Indexof Ethical Hacking [TESTED]
For a typical enterprise with 3 critical web apps (monthly → 80), 200 internal hosts (quarterly → 60), 50 non-critical (annually → 20). Weighted average ≈ 67 . 2.3 Depth (D) – Weight 25% The sophistication level of testing. Inspired by PTES (Penetration Testing Execution Standard).
| Frequency | Score Multiplier | Typical Use Case | |-----------|----------------|-------------------| | Continuous (daily) | 100 | Bug bounty + DAST in CI/CD | | Monthly | 80 | Critical APIs / public apps | | Quarterly | 60 | Internal infrastructure | | Bi-annually | 40 | Non-critical internal systems | | Annually | 20 | Low-risk assets | | Less than annually | 0 | None |
Formula: F = (Sum over all assets of [multiplier × asset_criticality_weight]) / Total criticality weight indexof ethical hacking
| Component | Max Score | Calculation | |-----------|-----------|--------------| | External IPs | 30 | (tested IPs / total IPs) × 30 | | Internal IPs | 25 | (tested subnets / total subnets) × 25 | | Web apps | 25 | (tested apps / total critical apps) × 25 | | APIs | 10 | (tested endpoints / total documented endpoints) × 10 | | Mobile apps | 5 | (tested builds / total production builds) × 5 | | IoT/OT | 5 | (tested device types / total types) × 5 |
If an org tests 80% of external IPs, 50% of internal subnets, 100% of web apps, 0% APIs, 100% mobile, 0% OT → C = (24 + 12.5 + 25 + 0 + 5 + 0) = 66.5 2.2 Frequency (F) – Weight 20% How often each asset type is tested. Continuous testing earns highest scores. For a typical enterprise with 3 critical web
The proposed Index of Ethical Hacking (IoEH) transforms subjective opinions (“We do penetration tests”) into a data-driven score from 0 to 100, where 100 represents continuous, adversarial, full-scope testing with zero remediation lag. The IoEH is defined as:
R = max(0, critical_score + high_score - reopened_penalty) Assesses the process quality, not just technical results. Inspired by PTES (Penetration Testing Execution Standard)

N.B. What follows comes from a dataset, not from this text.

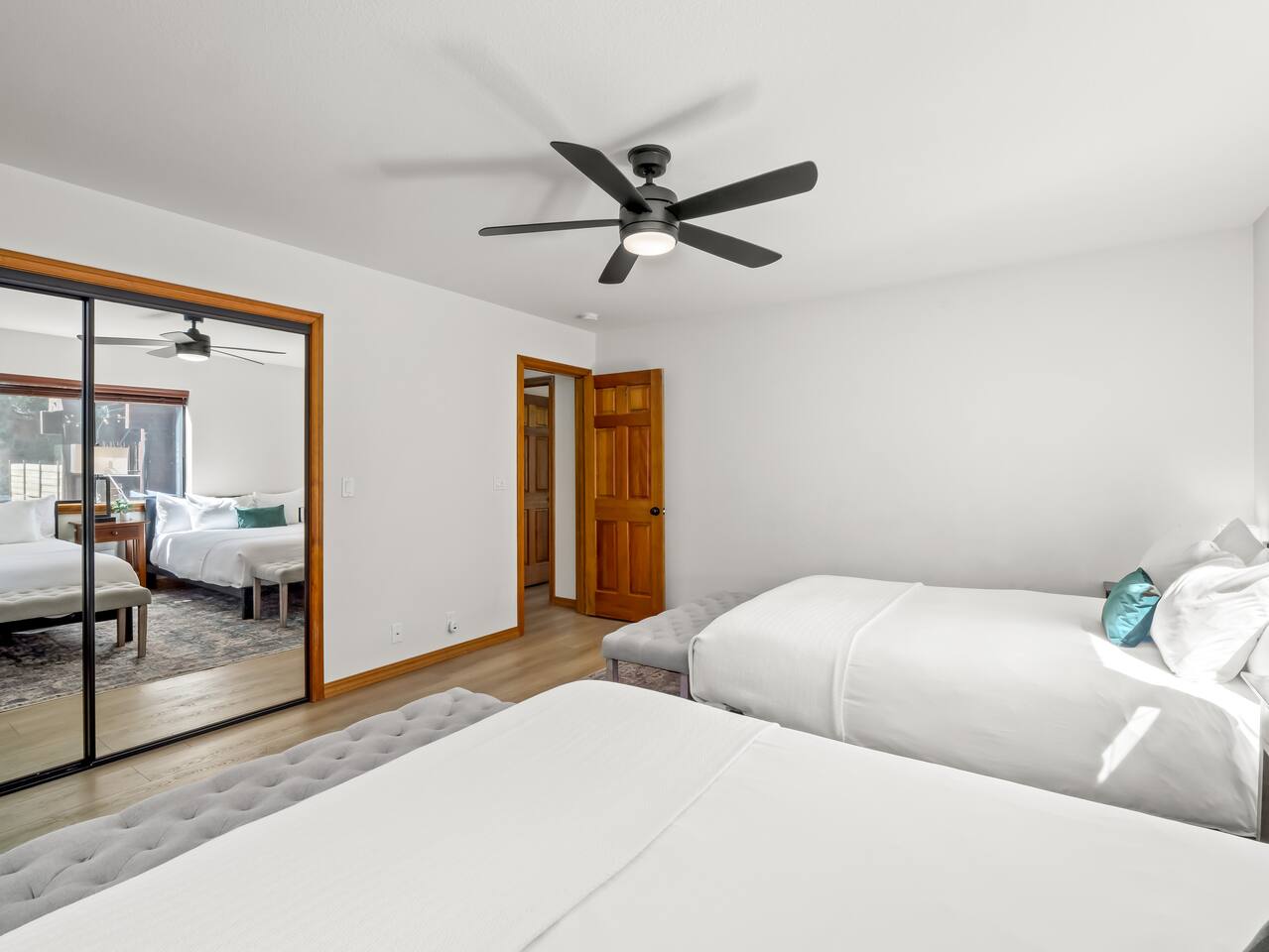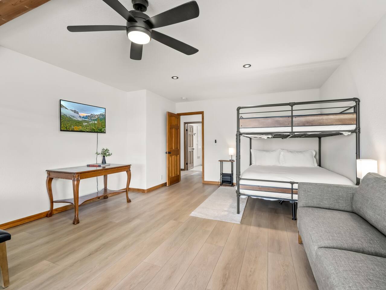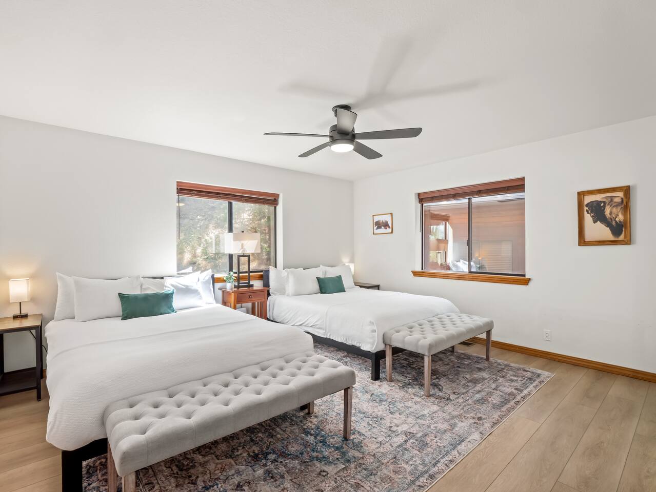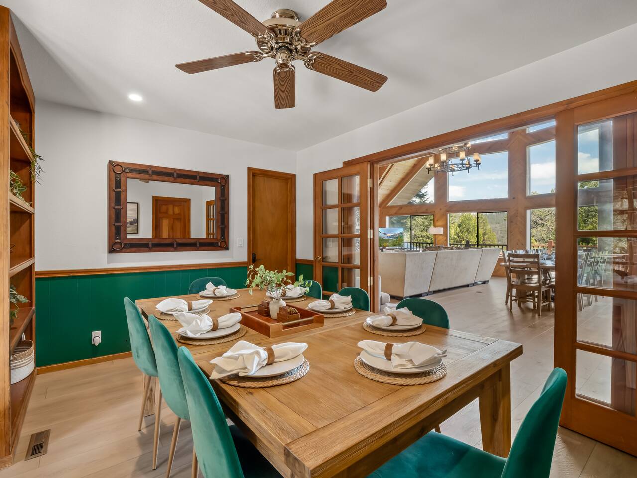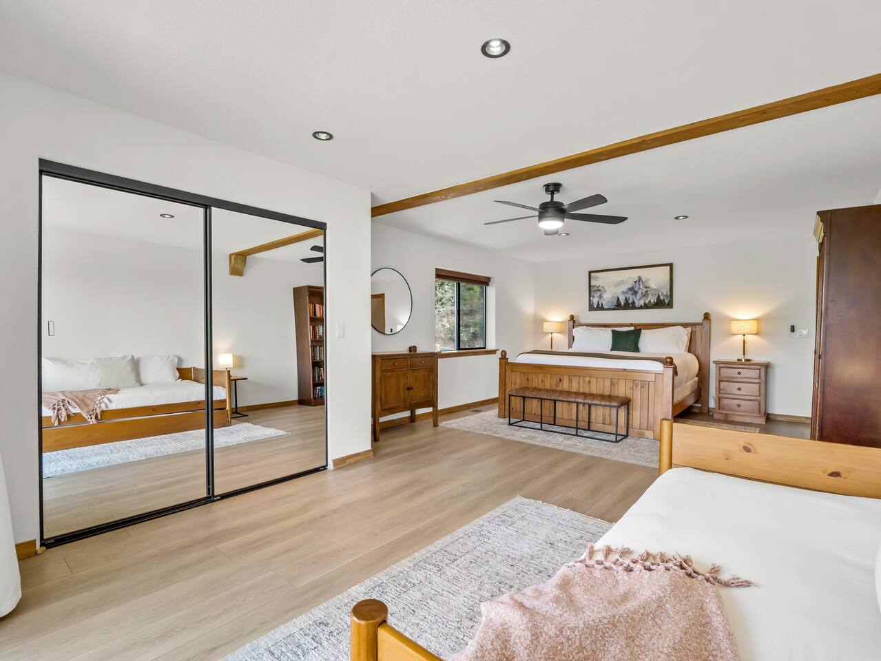 PERSONAL AMENITIES: We provide a starter kit: towels, shampoo, hand soap, toilet paper, paper towels & trash can liners. ENTRY: A keypad is located around the back of the house on the French doors. A personalized entry code will be provided to you prior to your stay. OUTDOOR SPACE: The outdoor space includes 2 hot tubs, 2 fire pits, BBQ, ample dining tables and chairs, a hammock, outdoor games, and more! PARKING: There are three designated parking spots in front of the house, marked by the curb, with additional parking available in the back near the main entrance. The maximum number of vehicles allowed is six. THE DRIVE: During the winter months we can experience some snow as we are at 3,800 ft in elevation. We recommend either a 4x4 vehicle or chains. INTERNET: We have a whole house mesh system that should allow you to access the internet from anywhere inside the home. BEDROOMS: ✦ Bedroom 1: First floor - 2 Queen bunk beds (4 total beds) ✦ Bedroom 2: First floor - King bed and a daybed that converts into 2 separate twin beds ✦ Bedroom 3: First floor - 2 Queen beds ✦ Bedroom 4: Second floor - King bed with attached bathroom ✦ Bedroom 5: Second floor - King bed BATHROOMS: ✦ Bathroom 1: Second floor- Dual sink vanity with soaker tub and spacious full body shower in Bedroom 4 ✦ Bathroom 2: First floor - Single sink vanity and stand up shower ✦ Bathroom 3: First floor - Single sink vanity and stand up shower KITCHEN: Fully equipped with appliances: refrigerator, oven, stove, microwave, coffee maker, kettle, crockpot and all the basic kitchen essentials; Pots/Pans/Plates/Cups/Utensils IMPORTANT NOTE for HOT TUB: To maintain a clean and pleasant spa environment it is very important to please shower BEFORE using the spa, or, trust us... it will get funky! The spa has a hard time breaking down lotions, oils, perfumes, etc. Additionally, please help us keep the spas tidy by disposing of trash properly. Please note that an additional fee may be charged for excessive dirtiness. Use of the property and all amenities (incl. kayaks, paddle boards, hot tub, etc.) is at your own risk. Host and owner not liable for injury or damage. RENTAL AGREEMENT: ✦This property requires a rental agreement to be signed prior to your stay. Details will be provided after booking.

| Metric | Weight | Formula | |--------|--------|---------| | Critical findings closed within SLA (e.g., 7 days) | 50 | (closed on time / total critical) × 50 | | High findings closed within SLA (e.g., 30 days) | 30 | (closed on time / total high) × 30 | | Reopened findings rate | -20 | subtract (reopened / total closed) × 20 |
Author: AI Research Desk Date: April 17, 2026 Abstract Ethical hacking has evolved from an ad-hoc practice to a critical component of enterprise security. However, organizations lack a standardized metric to assess the depth, frequency, scope, and maturity of their ethical hacking efforts. This paper introduces the Index of Ethical Hacking (IoEH) , a composite scoring system that measures an organization’s proactive security testing posture. The IoEH comprises five sub-indices: Coverage (C) , Frequency (F) , Depth (D) , Remediation Velocity (R) , and Methodology Maturity (M) . We provide a mathematical model, a scoring rubric, and a practical implementation guide. The IoEH enables security leaders, auditors, and regulators to compare ethical hacking rigor across departments, subsidiaries, or industry peers. 1. Introduction Traditional security metrics focus on vulnerabilities found or patches applied. These lagging indicators fail to capture the proactive capability of an organization to think like an attacker. Ethical hacking—whether performed by internal red teams, external consultants, or bug bounty hunters—varies wildly in quality and usefulness. The central question this paper answers: How can we objectively measure an organization’s ethical hacking effectiveness?